# Cub Cadet Super Lt1550 Electrical problem?



## Dutch515 (Apr 8, 2008)

Ive got a Cub Cadet Super LT1550 mower that has a problem staying running. When you start it up it runs just fine but after about 60 seconds of running it sputters and tries to catch itself but eventually dies. Has new fuel pump, fuel line, good fresh gas, rebuilt carb, by-passed (removed) elec. fuel shut off on bowl of carb, new spark plugs adjusted valves, full with new oil and filter. Its a fairly new unit I bought last spring, has 50 hours on meter. I think its got to be either one or both of the coils or the stator. Ive already isolated both coils by disconnecting the kill wires and also the main harness to the engine and low oil sensor. Even with no elec. at all to the engine, besides the hot wire to the starter, it still does the same thing. It will always fire right up with a little choke after it dies and if you wait 30 min you can get back on it and mow for another 60 seconds if your lucky. I just need someone elses' point of view on this. I also thought that it might be in the key switch, pto switch, pto relay or one of the dead-man switches but with both of the kill wires to the coils disconnected it still dies. 
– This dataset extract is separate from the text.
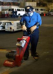 | Keywords: US Navy 040601-N-9319H-030 Airman Armando Zarco, of Turlock, Calif., removes non-skid from a weapons elevator door in the hangar bay.jpg en South Atlantic Ocean Jun 1 2004 - Airman Armando Zarco of Turlock Calif removes non-skid from a weapons elevator door in the hangar bay aboard the aircraft carrier USS Ronald Reagan CVN 76 Reagan is underway circumnavigating South America on her way to her new homeport of San Diego Calif U S Navy photo by Photographer's Mate 3rd Class Angel G Hilbrands RELEASED 2004-06-01 040601-N-9319H-030 Navy http //www navy mil/view_image asp id 14671 U S Navy photo by Photographer's Mate 3rd Class Angel G Hilbrands PD-USGov-Military-Navy Hangar bays of USS Ronald Reagan CVN-76 Weapons elevators of USS Ronald Reagan CVN-76 |

Its running a 25 h.p. Kohler Courage v-twin
Model - SV730s 
Spec - SV730-0011
Any help would be appreciated. 

Thanks, Dutch


----------



## dehrhardt (Apr 1, 2009)

The chances that both coils are bad are slim at best. It still sounds like a fuel starvation problem. You didn't mention in your post whether you loosened the fuel cap while running. If the vent on the cap isn't working it will cause the problem you're describing. You also didn't say anything about replacing the fuel filter? Kohler engines are sometimes finicky about filters. Your best bet would be to use an oem filter for your engine. You also want to check for any kinks in that new fuel line you put on. If none of that helps, or you've already checked, I'm not sure what else you would check.


----------



## Dutch515 (Apr 8, 2008)

I forgot about checking the vent, Ill try that out tomorrow. If that still doesnt work Im going to try a remote fuel tank and gravity feed the carb and see if its a bad pump, maybe it got blocked up. I does have a new filter on it but i guess it could be plugged too. Thanks for the reminders dehrhardt, Ill let you know how it goes. Dutch


----------



## Dutch515 (Apr 8, 2008)

yep, it was the gas cap. It runs great now, thanks for reminding me dehrhardt.

Dutch


----------



## dehrhardt (Apr 1, 2009)

Glad to help. and happy to hear you got it running!


----------